Der Streit zwischen Deutschland und der Justiz in Italien um individuelle Entschädigungen für Opfer von Nazi-Verbrechen beschäftigt Anfang des neuen Jahres den Weltgerichtshof in Den Haag. Mit einer ungewöhnlichen Völkerrechtsklage gegen den NATO- und EU-Verbündeten Italien, die einen Tag vor dem Heiligen Abend eingereicht wurde, will die Bundesregierung eine Welle von Forderungen nach Millionenentschädigungen für Verbrechen von Deutschen während des Zweiten Weltkrieges vor ausländischen Zivilgerichten verhindern.

Dafür soll der Internationale Gerichtshof (IGH) in Den Haag nach dem Willen Berlins die grundsätzliche Immunität des deutschen Staates vor italienischen und anderen ausländischen Justizorganen bekräftigen. Zudem soll der IGH eine Pfändung deutscher Guthaben in Italien für Wiedergutmachungszahlungen für unrechtmäßig erklären. Wann eine Entscheidung in der Sache erwartet werden kann, ist noch unklar. Zunächst werde die Zulässigkeit der Klage geprüft, hieß es am Wochenende in Den Haager Juristenkreisen. Erst danach könne das weitere Verfahren konkret festgelegt werden.

Deutschland hatte sich zu der Klage vor dem IGH entschlossen, nachdem das Oberste Gericht in Rom im Oktober neun Familien von Opfern eines 1944 verübten Massakers das Recht auf individuelle Entschädigungen durch die Bundesrepublik in Höhe von rund einer Million Euro zugesprochen hatte. Damals waren in der Toskana-Ortschaft Civitella mehr als 200 Menschen von Wehrmachtssoldaten ermordet worden.

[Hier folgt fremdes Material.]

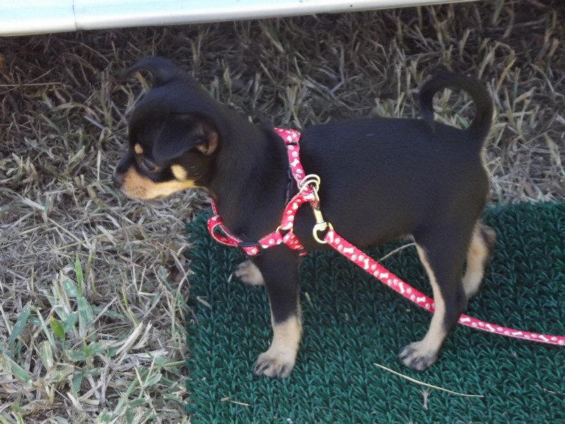 This is Daisy. She's now 4 months of age. Her mum is a Daschund x Chihuahua. Her dad a Pug. Have no idea what she is going to turn out like but she has very long legs.

Die Bundesrepublik sei "besorgt, dass Hunderte zusätzliche Fälle gegen sie vorgebracht werden", heißt es in der Klageschrift. Der Weltgerichtshof möge verbindlich erklären, dass Italien die Immunität Deutschlands missachtet habe, indem es derartige Zivilklagen gegen die Bundesrepublik zugelassen habe.

Bei dem Verfahren gehe es nicht um die moralische Verantwortung, zu der Deutschland sich stets bekannt habe, hieß es im Auswärtigen Amt in Berlin. "Die Klage ist kein Versuch einer Relativierung von Verbrechen", sagte ein Sprecher. Es sei aber nicht hinnehmbar, dass Deutschlands Staatenimmunität von ausländischen Zivilgerichten ignoriert wird. Nach diesem völkerrechtlichen Grundsatz kann kein Staat vor Gerichten anderer Länder verklagt werden.

Die Regierung in Rom unterstützt nach eigenem Bekunden die Anrufung des IGH durch Berlin. Der Klage ist als Dokument die gemeinsame deutsch-italienische Erklärung vom 18. November 2008 in Triest beigefügt. Darin hatte Rom die deutsche Entscheidung begrüßt, den Gerichtshof um eine Klarstellung zur Frage der Staatenimmunität zu bitten.